Possibilities Of Student Loan Forgiveness, Florida Tuition Increases Produce Cloudy Outlook
Ideas for college students by legislators offer contradictory ideas.
For the first time in 10 years, Florida public university tuition could increase as part of the new state Senate President’s plan to meet a shortfall in state revenues.
On the other hand, President-elect Joe Biden’s support for forgiving some student debts could mean better access to higher education for some Floridians.
But it’s not clear yet what these conflicting ideas might mean for Florida university students.
For several years, Florida colleges and universities have been ranked by some as being among the best educational institutions in the country — yet the state’s public universities have the country’s second lowest undergraduate tuition and fees.
But if the potential increases that new Florida Senate President Wilton Simpson suggested in Tallahassee this week come to be, that could change.
During comments shortly after the Trilby Republican assumed his new position Tuesday, he talked about what the state must do to address an estimated $5 billion reduction in state revenue because of the coronavirus pandemic.
In addition to potentially raising tuition at the state's public universities, Simpson floated the idea of cuts to the state’s K-12 system. While the state has restored some of the public school funding that was slashed during the 2008 recession, it hasn’t reached its pre-recession funding levels.
Florida is already low on the national ranking for public education funding, and Senate Minority Leader Gary Farmer, D-Lighthouse Point, warns that any such budget cuts could result in a lower standard of K-12 education.
"Education remains one of the keys to prosperity and success, so I hope we can fill budgetary shortfalls without further straining our public schools or reducing the quality of education our students deserve," Farmer told The News Service of Florida in a text message.
Simpson’s thoughts about raising college tuition run opposite to ideas brought up by his counterpart in the Florida House.
In an effort to provide incentive for increased interest in high-demand jobs, new House Speaker Chris Sprowls proposed tuition discounts for students who enroll in courses associated with careers that reflect Florida’s economic needs.
“We shouldn’t be subsidizing, as taxpayers, every degree, to the same degree,” the Palm Harbor Republican told The News Service of Florida Tuesday. “I think we need to figure out what it is that is important for our state, what pushes us forward economically speaking, and there should be an incentive for universities to want students to be in those degrees. And not all of those degrees should be funded at the same level."
At the same time, President-elect Joe Biden is behind some level of student loan forgiveness.
NPR reported this week that “Biden repeated his support for a provision of the HEROES Act…(that) calls for the federal government to pay off up to $10,000 in private, nonfederal student loans for "economically distressed" borrowers.“
Other U.S. Senate Democrats, including Sen. Elizabeth Warren, are pushing for larger relief that could potentially cancel up to $50,000 in student loan debt.

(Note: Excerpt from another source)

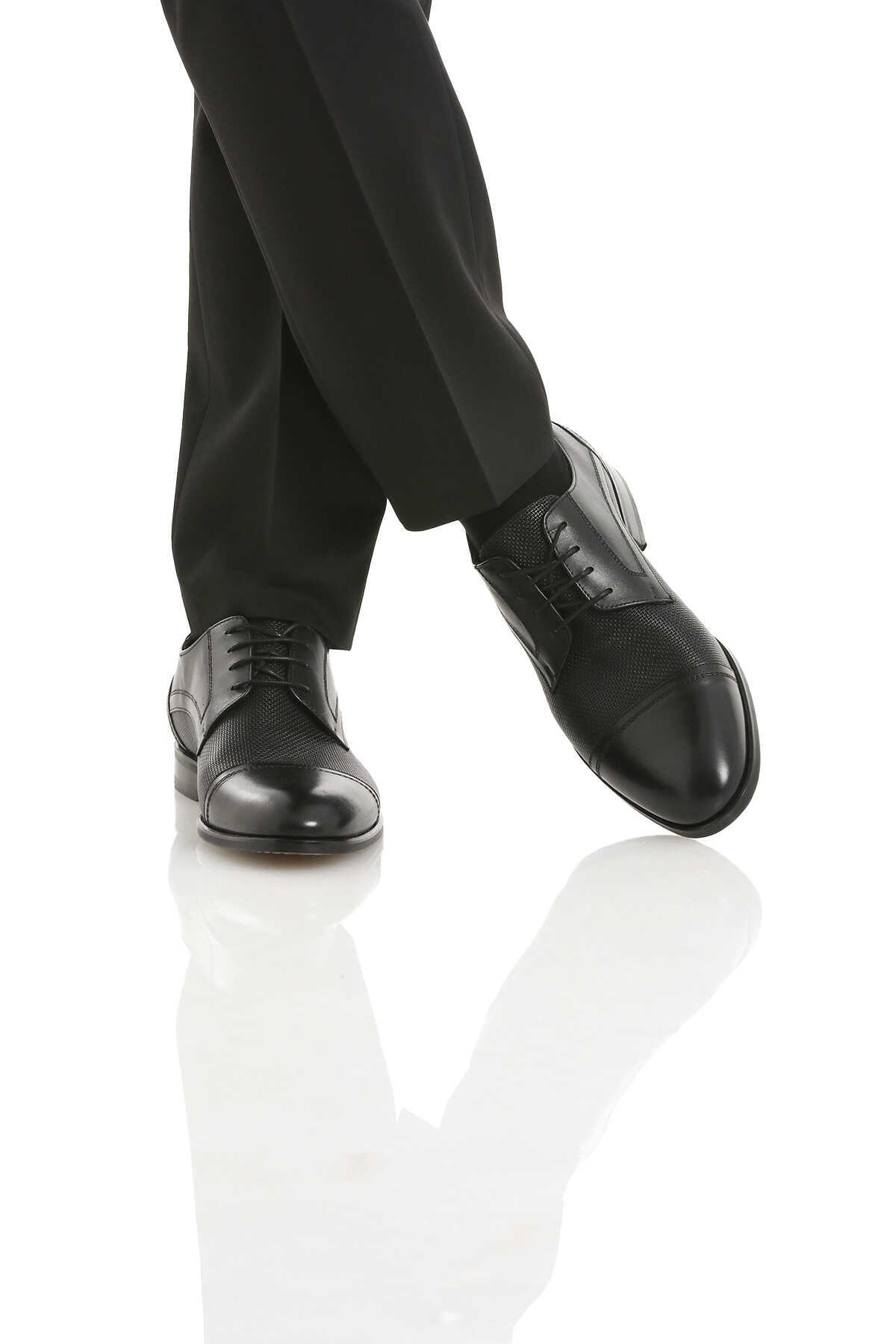 Siyah Klasik Bağcıklı Deri Ayakkabı

One argument backers of such moves make is that any reduction of student loans or college tuition could make higher education more accessible, regardless of a student's economic status.
Supporters also hope cancelling or minimizing debt would help young people eventually set up households, build families, and run businesses that could all contribute to economic improvement.
But others feel that cancelling student debt aids those already at an advantage, as people with college degrees usually earn more money.
More information on definitive plans and what they could mean for Florida, as well as its colleges and students, could come as early as January 2021 — supporters for debt reduction want it to be one of Biden’s first moves after inauguration. Florida’s 2021 legislative session is scheduled to start March 2.
Additional information courtesy of The News Service of Florida.